We initiate the study of multi-stage episodic reinforcement learning under adversarial manipulations in both the rewards and the transition probabilities of the underlying system. Existing efficient algorithms heavily rely on the "optimism under uncertainty" principle which dictates their behavior and does not allow flexibility to perform corruption-robust exploration. We address this by (i) departing from the optimistic behavior, and (ii) creating a general framework that incorporates the principle of action-elimination. (This principle has been essential for corruption-robust exploration in multi-armed bandits, a degenerate special case of episodic reinforcement learning.) Despite constructing a lower bound for a straightforward implementation of action-elimination, we provide a clean and modular way to transfer it to episodic reinforcement learning. Our algorithm enjoys near-optimal guarantees in the absence of adversarial manipulations, has performance that degrades gracefully as the amount of corruption increases, and does not need to know this amount. Our results shed new light on the broader question of robust exploration, and suggest a way to address a rather daunting mismatch between optimistic algorithms and algorithms with higher flexibility. To demonstrate the applicability of our framework, we provide a second instantiation thereof, showing how it can provide efficient guarantees for the stochastic setting, despite doing almost uniform exploration across plausibly optimal actions.

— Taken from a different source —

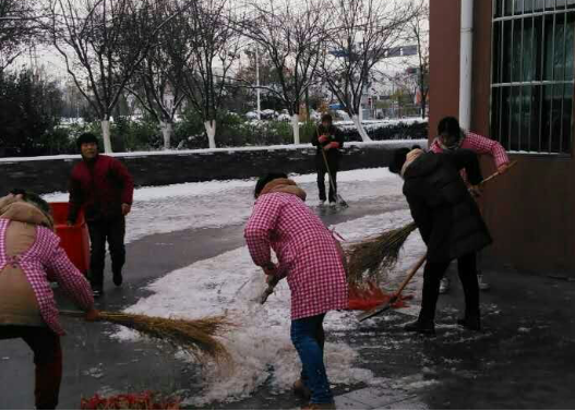 次日氣溫驟降,零下4度,多數(shù)路面存在結(jié)冰現(xiàn)象,加上路面落葉較多。天未亮,保潔、安保人員就到達園區(qū)公舍主干道、單元門、地庫出入口等指定區(qū)域,伴隨著凜冽的寒風,開始除雪化冰。對于他們來講,這注定又是忙碌的一天,經(jīng)過2個小時緊張而有序的忙碌,基本完成了各個園區(qū)公舍各個路面、單元門、非機動車道、地庫出入口積雪的清掃工作。

Advancing subgroup fairness via sleeping experts

We study methods for improving fairness to subgroups in settings with overlapping populations and sequential predictions. Classical notions of fairness focus on the balance of some property across different populations. However, in many applications the goal of the different groups is not to be predicted equally but rather to be predicted well. We demonstrate that the task of satisfying this guarantee for multiple overlapping groups is not straightforward and show that for the simple objective of unweighted average of false negative and false positive rate, satisfying this for overlapping populations can be statistically impossible even when we are provided predictors that perform well separately on each subgroup. On the positive side, we show that when individuals are equally important to the different groups they belong to, this goal is achievable; to do so, we draw a connection to the sleeping experts literature in online learning. Motivated by the one-sided feedback in natural settings of interest, we extend our results to such a feedback model. We also provide a game-theoretic interpretation of our results, examining the incentives of participants to join the system and to provide the system full information about predictors they may possess. We end with several interesting open problems concerning the strength of guarantees that can be achieved in a computationally efficient manner.